Table 5. Policy setting and decision making expressions in meeting women reproductive preferences.
Theme 4 | Women | Health Staff | Policymakers |
---|---|---|---|
Policy setting and decision making processes on reproductive care preferences |
“people come to the community to meet us and ask us question on how satisfied we are with services, but we never see any differences in what they provide now from the old”-w1 “some of us do not really care of who takes part in the decision making to deliver us services, all we want to see is more friendlier support from health staff, and our ability to use our health insurance to benefit from available services provided”-w2 “We have health committees at each community facility, just few members are often informed of the clinic facilities concerns for ore services”-w3 “onetime health staff and people from the district came and held a meeting with men on allowing us use facilities for childbirth, we were never involved although the aim of the meeting was to benefit us”-w4 “Our chiefs and opinion leaders play active role in passing information from health center to all of us, but that is not enough since we expect some more engagements from frontline services providers like nurses who attend to us”-w5 “Decisions on services and our expected roles as women when receiving these should be well disseminated using our women leaders to help us”-w6 “We see and recognize health staff as immediate providers of care, what happens in terms of how satisfied we are, relationship building and mutual trust affects decision making on meeting our reproductive preferences”-w7 “Although we do not determine what services facilities should provide, our decisions and choices based on certain service demands should drive providers and policy managers to take steps to make these services friendly and available even to the few women who need them”-w8 |
“At the facility, we don’t procure or singly adopt an intervention without prior authorization from the district or regional level”-hs1 “We are often called to the regional level for refresher trainings on reproductive health, something I don’t think can be considered as inclusive on how these interventions are designed”-hs2 “Most policies just come from the Ministry level, what is women pressing needs in Bongo here does not matter”-hs3 “most services are rendered based on health staff training received whiles in school, this is difficult to capture and meet changing needs of reproductive users”-hs4 “When women complain of preferences not met, we just tell them we are working on it… however that decision does not depend on us when the policy actors determine what service should be provided based on its availability to us”-hs5 “we just provide the services made available to us, if its counseling services, we provide what information is on the protocol”-hs6 “Some staff incorporates context need by engaging facility committees, but the challenge is these are not always supported in budget lines from district or facility level”-hs7 “Standards of services to provide are sent from the district level without prior sensitization and health providers inputs, we are only called for trainings when we complain of understanding and applying these standards in relation to the settings we work”-hs8 “Women have visited for services not present. we advocated for our capacities to be improved to provide these such as infertility, post-abortion care and building awareness on aspects of female genital mutilation, but these are not viewed important at the top people”-hs9 |
“Our priorities sometimes are largely defined by what donor money is available and what needs can be met at any particular time”–p1 “One major concern is so many private providers are active players in the reproductive health industry, but there appear to be little synergy between the public and private sector.

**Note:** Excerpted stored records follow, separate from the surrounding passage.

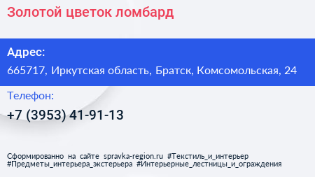Золотой цветок, ломбард по адресу 665717, Иркутская область, Братск, Комсомольская, 24 в дальнейшем Организация, размещена в следующих категориях: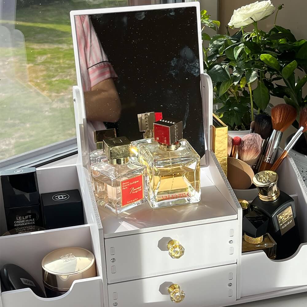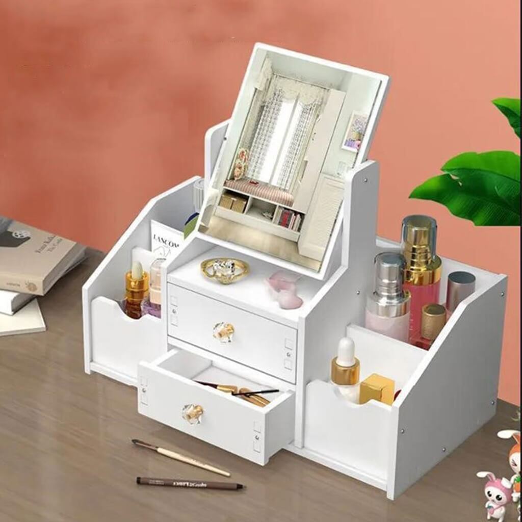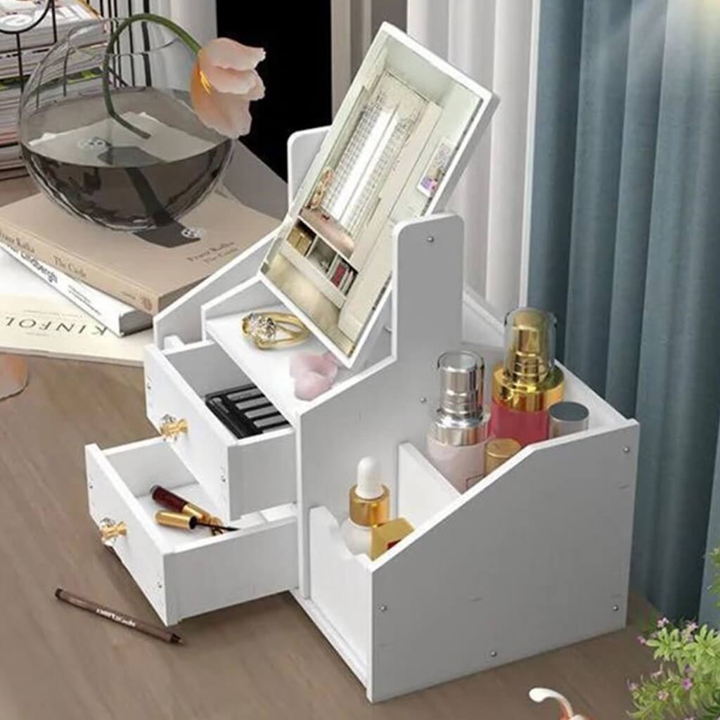 Dėžutės centre pritvirtintas kvadrato formos veidrodis. Jį galima reguliuoti įvairiais kampais. Staliuke yra du stalčiai įvairiems reikmenims laikyti. Stalčiukus lengva išimti valymui. Ši kosmetinis staliukas pagamintas iš aukštos kokybės MDF plokščių. Švelni balta apdaila spindi ir atrodo ypač prabangiai. Jį galima derinti su kitais baldais arba naudoti kaip kosmetinį staliuką.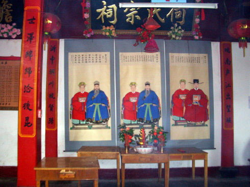 2006年冬官清何鸬子孙修了新谱,以巧二公何容派下为主,我村没有参与。老祠堂修缮一新,画了几幅先祖图:中间是始祖何京夫妇,其左手侧为万十三公何恪夫妇,右手侧为重三公何鸬夫妇。图像格式基本统一,都是画师模仿官家富绅所作,富丽堂皇,雍容华贵。我想,与真正实际可能相距甚远,但能满足百姓崇拜也。

Most of them are not fully captured, and involved in providing strategic services”-p2 “we sometimes prioritize, other times, funds are already allocated based on prioritized areas for the region”-p3 “activities that we often have the ability to prioritize are very few, so we do not determine which major reproductive activities in the district”-p4 “most of what we prioritize at this level has to do with education and sensitization activities”-p5 “Policy processes include health staff when they have to disseminate/apply skills for service improvements”-p6 “Reproductive, maternal and child health unit at district hospital levels was created to meet reproductive priorities. The challenge has always been too much focus on few streams of reproductive care.”-p7 “We should start the debate on how to fund these services, donors’ funds is been withdrawn in some service need…”-p8 “The Sector Wide Approaches (SWAp) MDGs, and now SDGs goals drive most approaches we do since funding comes along these lines”-p9 “The economic value of most interventions are lacking, so what should guide future policy decision processes…”-p10 “As private providers, we think the reproductive policy must set clear guidelines on reproductive policy settings standards, something currently lacking”-p11 “We have a monitoring and evaluation team at the regional level that ensures targets budgeted activities are undertaken”-p12 “I admit sometimes our activities are too ad hoc and sometimes we taking decisions at the district level do not understand them before we start implementing”-p14 |
Wn, hsn, pn denotes women, health staff and policymaker’s expressions.Superscript n denotes the number of view counts expressed by participants.